Он вернулся к сторожке, а озабоченная Джесси зашагала обратно.

— Приятной прогулки, — послышался вдруг мужской голос.

Сердце Джесси подскочило в груди.

— Мистер Квин! — воскликнула она. — Что вы тут делаете?

Он стоял перед ней на дороге и улыбался.

— То же, что и вы, мисс Шервуд. Разыгрываете роль детектива? — Он рассмеялся и взял ее под руку. — Позвольте мне проводить вас.

Джесси кивнула несколько чопорно, и они зашагали по дороге мимо высокой каменной ограды, увитой плющом и розами, и луна светила им сверху, словно сыр чеддер, и солено-сладкий воздух щекотал ноздри. «Сколько лет прошло с тех пор, — подумала она, — как я гуляла вот так, при луне, с мужчиной под руку? Последним был Клем — перед отъездом туда, на войну... »

Старый человек рядом с ней неожиданно проговорил:

— Вы подозреваете Рона Фроста?

— Почему вас это так интересует? — ответила вопросом Джесси.

— Скажем так: я не терплю преступлений, связанных с окнами детских комнат. — Голос его звучал сердито. — И если я могу оказать помощь Эйбу Перлу...

Какой-то неутомимый патриот, находящийся в море, запалил в небе римскую свечу. Они остановились, наблюдая разрывы и всплески огненных шаров. На несколько секунд остров осветился. Затем снова все окуталось мраком.

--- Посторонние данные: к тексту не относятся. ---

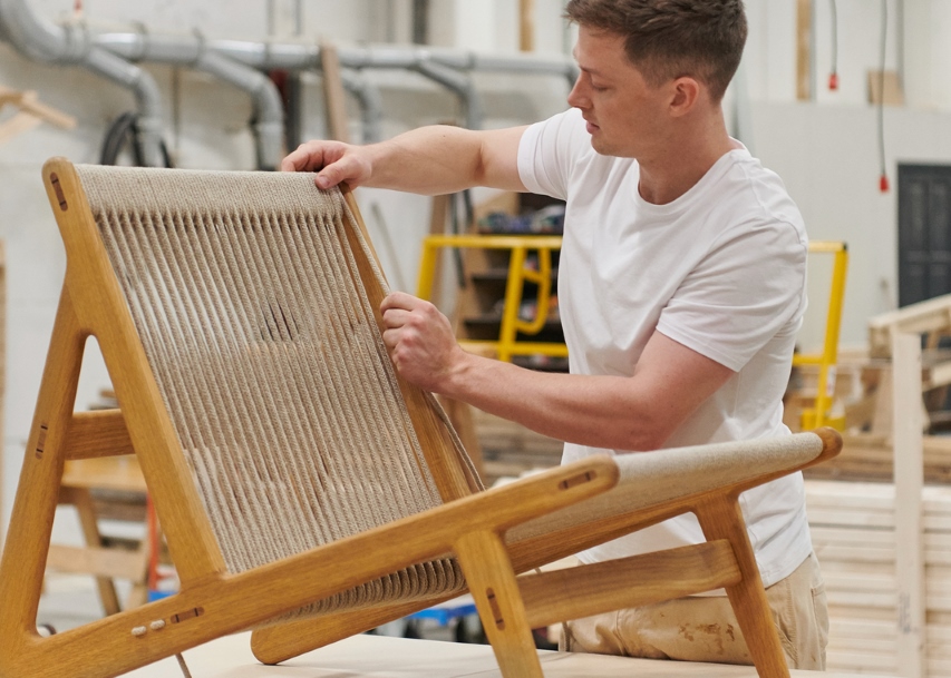 Bei den verschiedenen Produkten von Gubi wird nicht nur auf die Qualität der Materialien geachtet, sondern einiges in traditioneller Handwerkskunst gefertigt. Beispielsweise kommt der MR01 Initial Chair Sessel ganz ohne Schrauben aus, sondern wird mit handwerklichen Tischlertechniken wie Keilzinkenverbindungen gefertigt. Zudem wird auf die Verwendung natürlicher Materialien gesetzt. Die Sitz- und Rückenlehne des MR01 besteht zum Beispiel aus einer 90 meterlangen Leinenschnur, welche handgeflochten wird.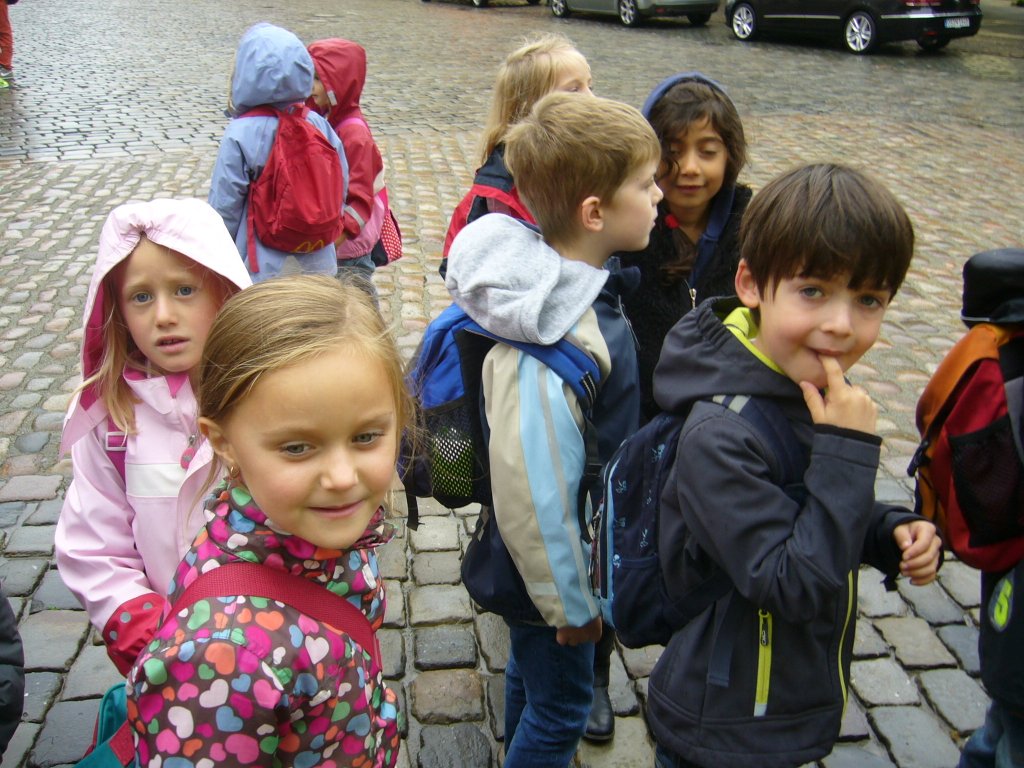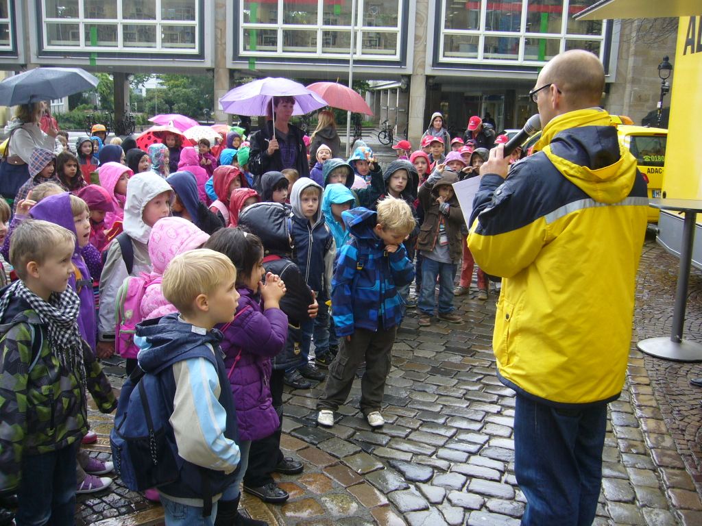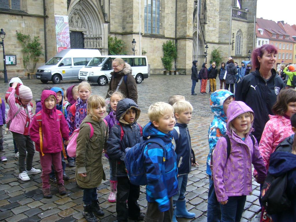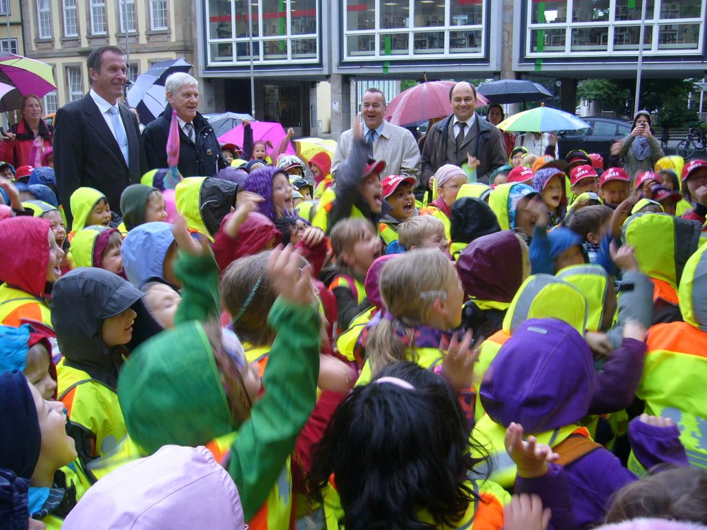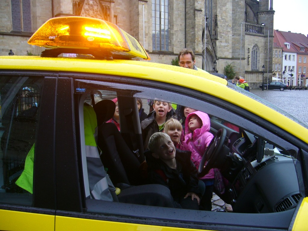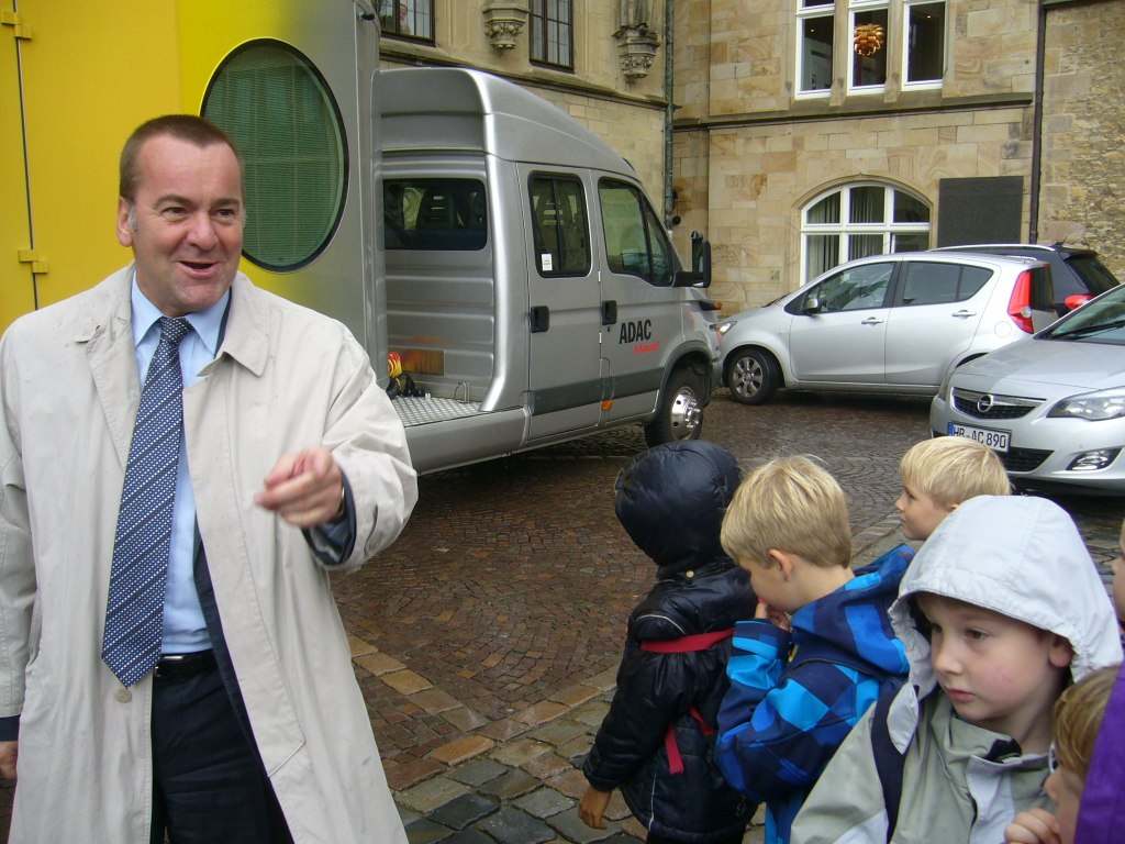Kurz nach der Einschulung ging es für die 1a und 1b auf einen Ausflug. Unsere gemeinsame Fahrt mit dem Stadtbus war die erste spannende Aktion. Vor dem Osnabrücker Rathaus warteten wir dann, bis der Oberbürgermeister kam. Er verteilte gemeinsam mit Vertretern vom ADAC an uns die Sicherheitswesten. Anschließend durfte noch jedes Kind vorm Rathaus einen Luftballon steigen lassen.
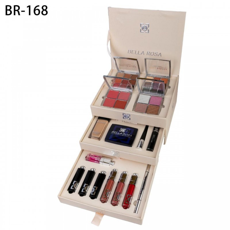 Discover the elegance of the Bella Rosa BR-168 cosmetics collection. This sophisticated set features a cream-colored case with multiple compartments, housing an array of makeup essentials including lip colors, eyeshadows, and a compact foundation. Perfect for makeup enthusiasts, it offers versatility for any occasion while ensuring easy transport and organization.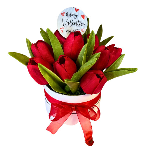 Ez a gondosan összeállított díszdoboz élethű, piros tulipánokat rejt, melyek sosem hervadnak el. A piros szalaggal díszített fehér box elegáns megjelenést kölcsönöz, a „Boldog Valentin-napot” felirat pedig még különlegesebbé teszi az ajándékot.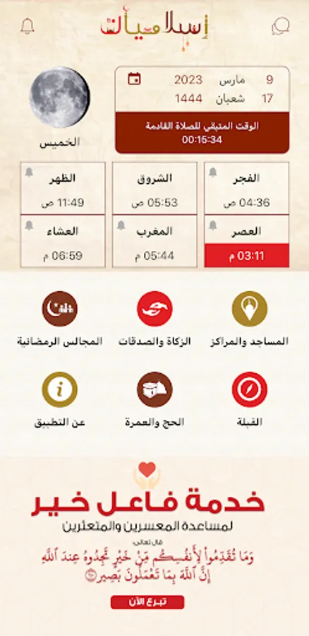 "Islamiyat" is a cultural application provided by the Information & eGovernment Authority (iGA) in cooperation with the Ministry of Justice, Islamic Affairs & Awqaf and the Ministry of Interior in the Kingdom of Bahrain. The app provides the latest updates relating to the Hijri Islamic calendar, official prayer timings, service features such as Qibla direction, the locations of mosques and Islamic centres in the Kingdom of Bahrain, in addition to the ability to calculate Zakat and pay charitable donations.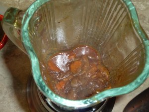 Add 2 cups of beef broth to the blender and blend until the mixture is smooth.  Pour the gravy into a pot and add the balsamic vinegar, wine and chopped thyme.  Stir until combined.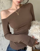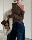 MERCHE BASIC BROWN SLASH NECK TOP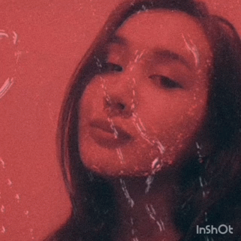 Close-up of a woman's face with a strong red filter, creating an aesthetic and moody portrait.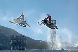 Snocross (also snowcross) is a racing sport involving racing specialized high performance snowmobiles on natural or artificially-made tracks consisting of tight turns, banked corners, steep jumps and obstacles. Riders race at speed of up to 60 miles per hour (96 kilometres per hour).[1] Jumps are up to 30 feet (9.1 meters) tall, so riders travel up to 130 feet (40 meters) before they touch the ground.[1] According to the World Snowmobile Association which governs snocross, watercross, and hillcross racing, snocross is the most popular form of snowmobile racing.[2]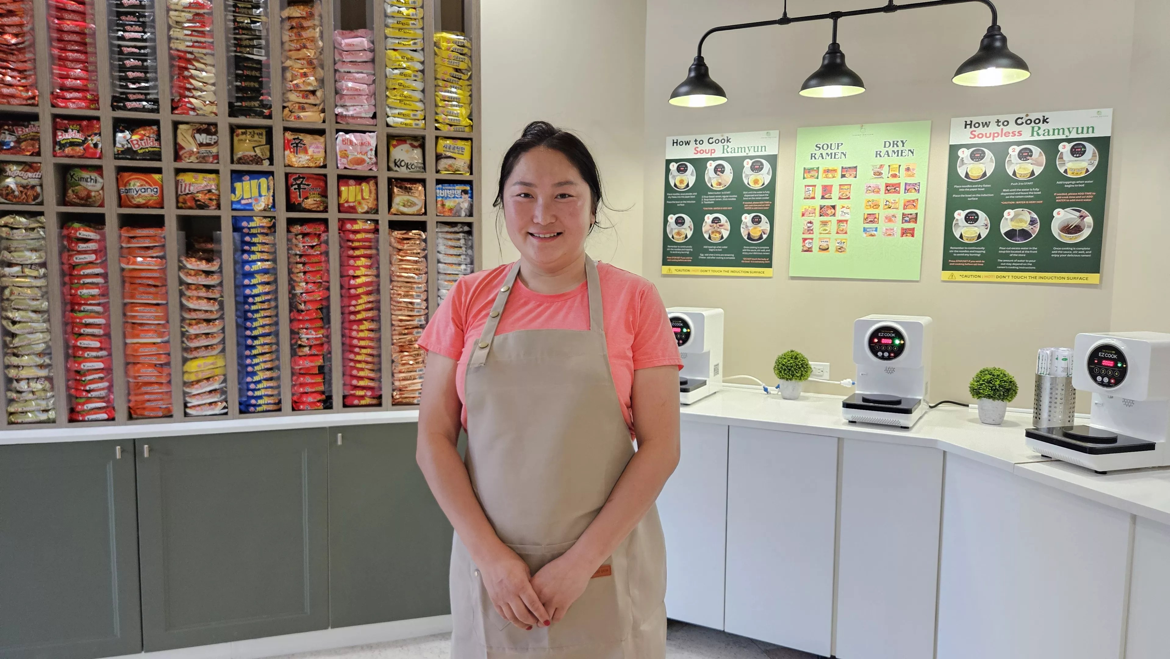 “We can sell fruit. I have an Ichigo Sando,” she notes, so she will be selling her popular strawberry sandwich and other fruit sandwiches from the kiosks. But for now, the ramen-making units should keep her plenty busy serving her collegiate customers.

Она ощутила его беспокойное движение.

— Пожалуй, мне пора возвращаться, — сухо произнесла Джесси и двинулась дальше. — Относительно вашего вопроса, мистер Квин. Пожалуй, мне не следовало бы говорить этого, покуда я получаю жалованье у Хамфри, но я люблю угрозы по отношению к детям еще меньше, чем вы. Рональд Фрост вчера поссорился с мистером Хамфри из-за Майкла.

И она рассказала о том, что ей довелось услышать из детской.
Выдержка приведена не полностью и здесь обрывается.